Procédure de cassation
Le
pourvoi en cassation doit être déposé au greffe du tribunal administratif
dans un délai de 30 jours à partir de la date à laquelle la décision de la
commission spéciale de taxation d'office vous a été notifiée.
3.
Arrêt du tribunal administratif
Le
tribunal statue au vu des mémoires produits par les parties avec la possibilité
d'audition de ces parties ou de leurs mandataires. Lors de leur audition, ces
derniers ne peuvent que développer le contenu des mémoires qu'ils ont présentés.

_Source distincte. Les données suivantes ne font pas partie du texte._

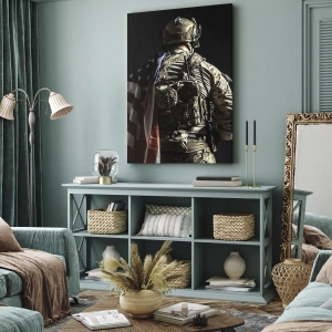 - Pictura înfățișează un soldat în uniformă cu un steag pe un fundal întunecat, subliniind simbolismul patriotismului și al forței. Este o decorațiune ideală pentru interioarele moderne.
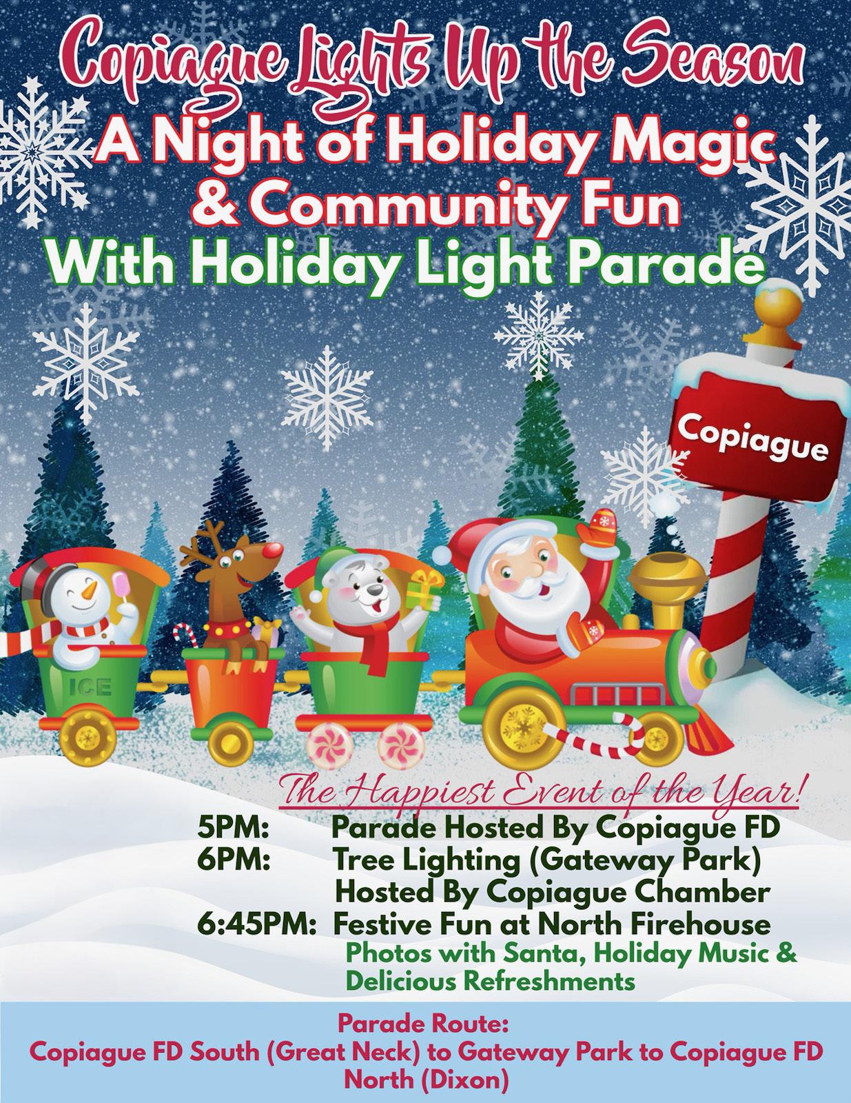 pm, there’s Festive Fun at the North Firehouse, with photos with Santa, holiday music, and refreshments. Parade route: Copiague FD South (Great Neck) to Gateway Park to Copiague FD North.
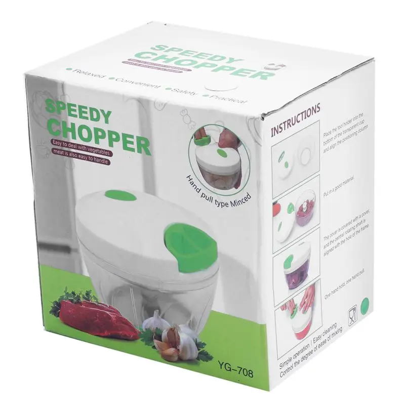 This speedy manual food chopper will help you cut vegetables, fruits and nuts. Putting the food into the bowl and pulling the rope once can chop food 15 times. Even the onion will not make your eyes watery. You can also make dips and chutneys in it .This chopper not only chops vegetables and fruits, but also can be as mincer and grinder to mince boneless meats and cottage cheese.
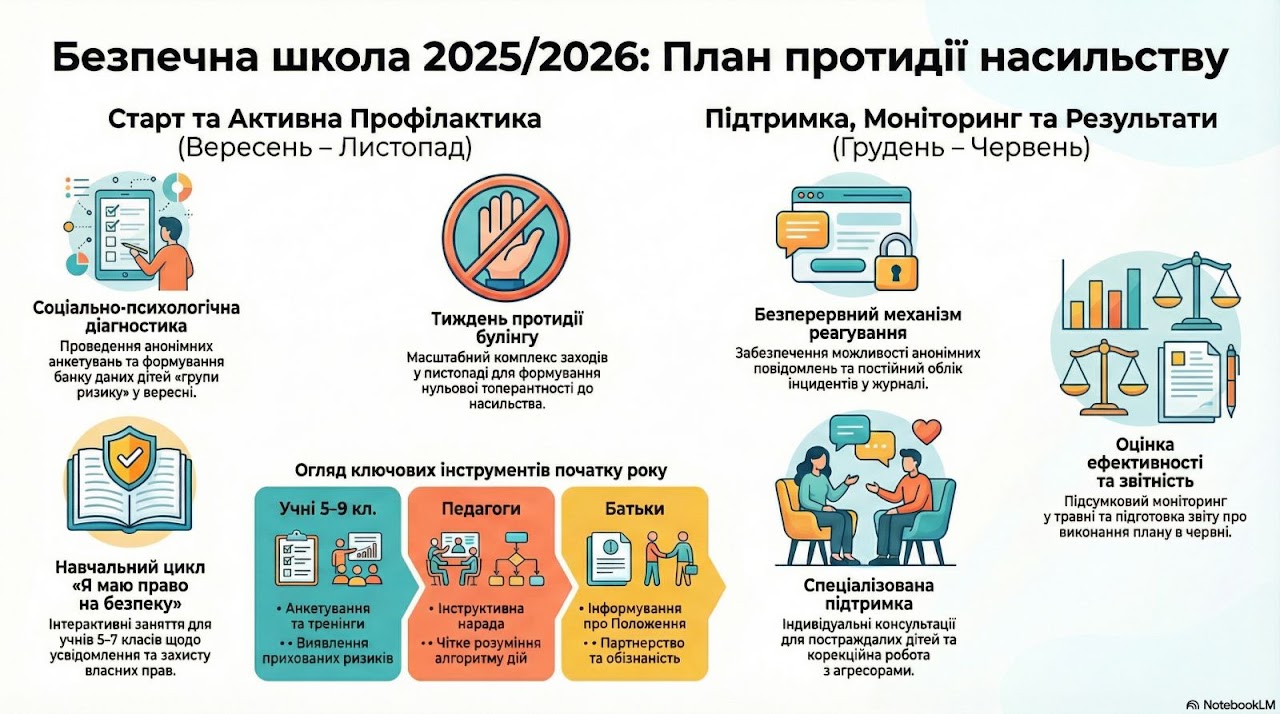 План заходів щодо створення безпечного освітнього середовища, запобігання та протидія проявам насильства (булінгу, цькуванню) на 2025/2026 навчальний рік
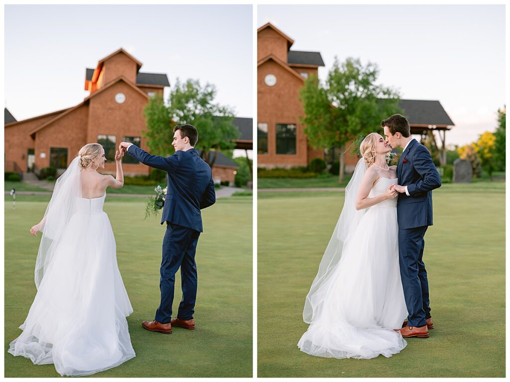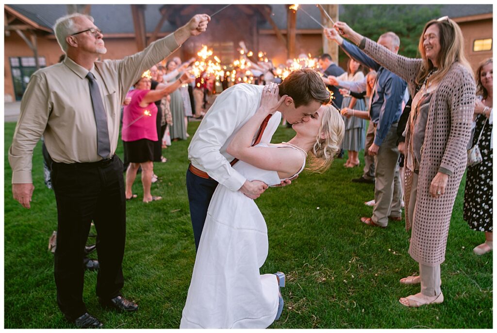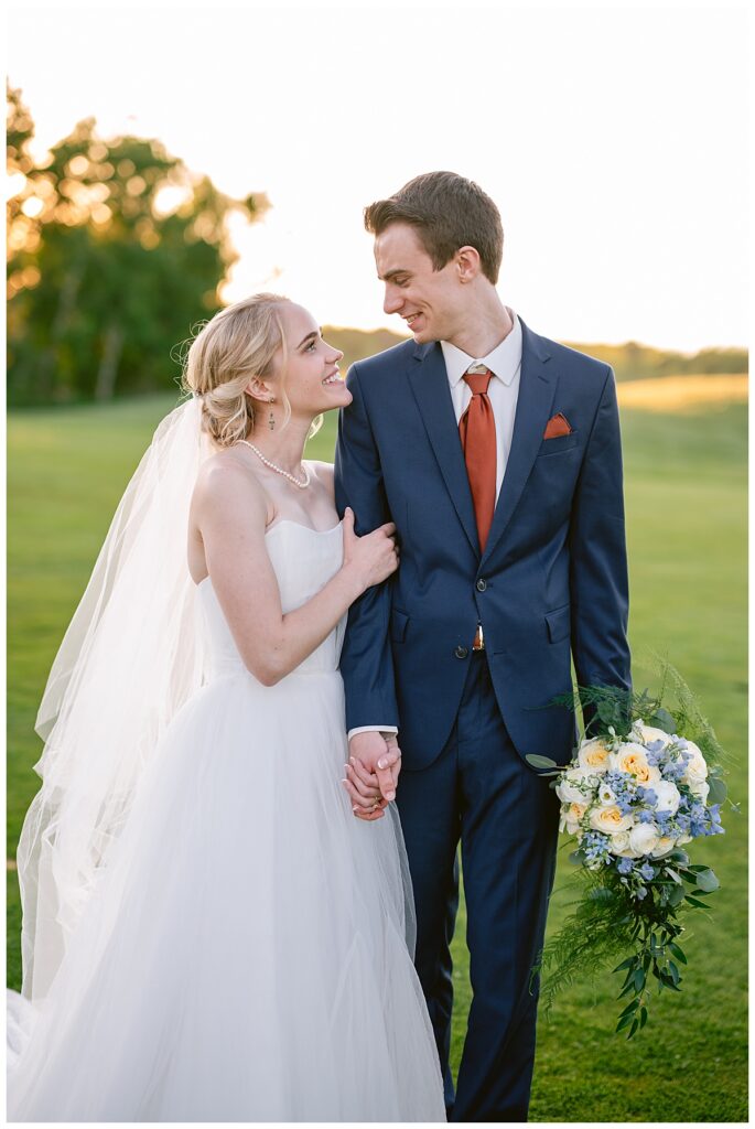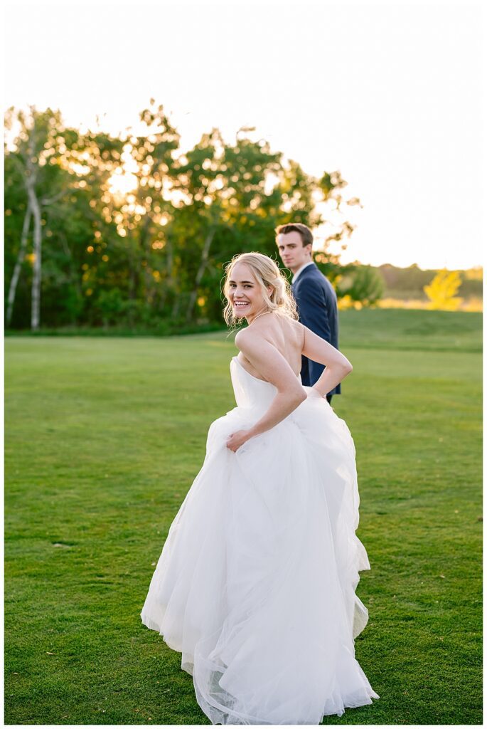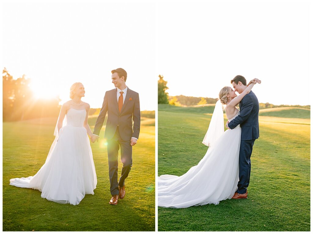 As the sun dipped low and cast its golden light over the golf course, we snuck out for a few final portraits. Golden hour was absolutely delicious—warm, glowy, and romantic in all the right ways. Josh and Marina embraced, laughed, and soaked up the last light of their wedding day with ease. It was the perfect pause before the sparkler exit, and a magical way to close out a day so full of heart. This quiet, glimmering time together gave them space to just be present—and those photos turned out to be some of the dreamiest of the whole day.
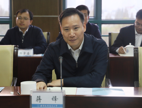 11月8日,溧阳市党政代表团一行11人来校,就推进天目湖校区规划与建设工作进行座谈交流,我校党委书记郑永安、校长聂宏、副校长宋迎东,溧阳市委书记蒋锋、市长徐华勤、市人大常委会主任潘云芳、市政协主席狄立新、常务副市长周卫中等出席座谈会。
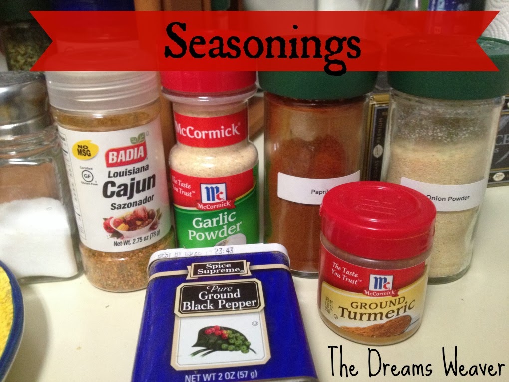 Seasonings:½ tsp. salt1 tsp. cajon seasoning3 tsps. garlic powder3 tsps. paprika2 tsp. onion powder½ tsp. ground black pepper1 tsp. ground tumeric

Le tribunal peut rendre deux sortes d'arrêt:
a. rejet du pourvoi
Dans
cette situation, la décision de la commission spéciale de taxation d'office
devient définitive et non susceptible de recours.
b.
cassation de la décision de la commission
Dans
ce cas, l'affaire est renvoyée devant ladite commission autrement composée pour être
examinée et jugée de nouveau. La décision de la commission vous
est notifiée par lettre recommandée avec accusé de réception ou par les agents
de l'administration.
Vous
avez la possibilité de vous pourvoir en cassation contre la décision de la
seconde commission, en observant la même procédure et les mêmes conditions prévues
au paragraphe 2 ci-dessus intitulé "procédure de cassation". Dans
ce cas, le tribunal administratif examine l'affaire quant au fond et statue sans
renvoi. L'arrêt ainsi rendu acquiert l'autorité de la chose jugée.